THE DATA:
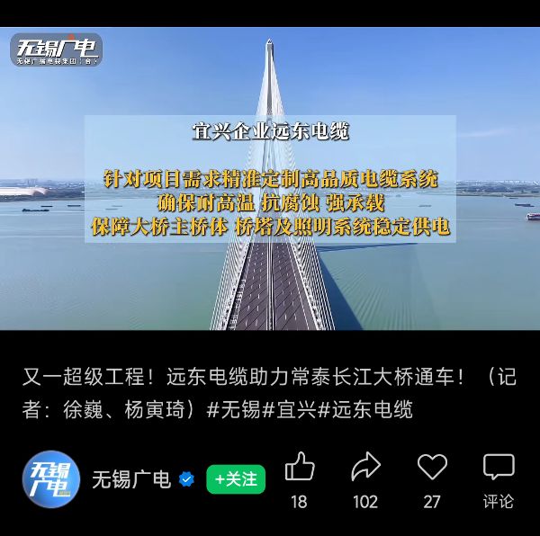官媒點(diǎn)贊!遠(yuǎn)東助力世界最大跨度斜拉橋——常泰長(zhǎng)江大橋通車(chē)!
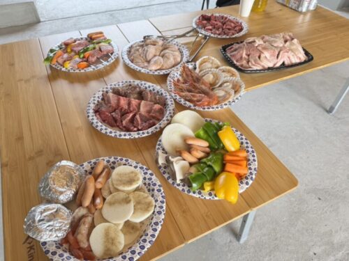 「肉の準備できましたよ~」
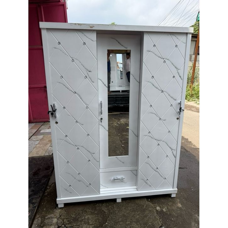 lemari sleding 3 pintu laci 1 putih ukuran 150x42x190 bahan multiplek

WORK REQUIRED: Please return each line of the listing exactly as written, excluding the images.

RESULT OF THE EXERCISE:
官媒點(diǎn)贊!遠(yuǎn)東助力世界最大跨度斜拉橋——常泰長(zhǎng)江大橋通車(chē)!
 「肉の準備できましたよ~」
 lemari sleding 3 pintu laci 1 putih ukuran 150x42x190 bahan multiplek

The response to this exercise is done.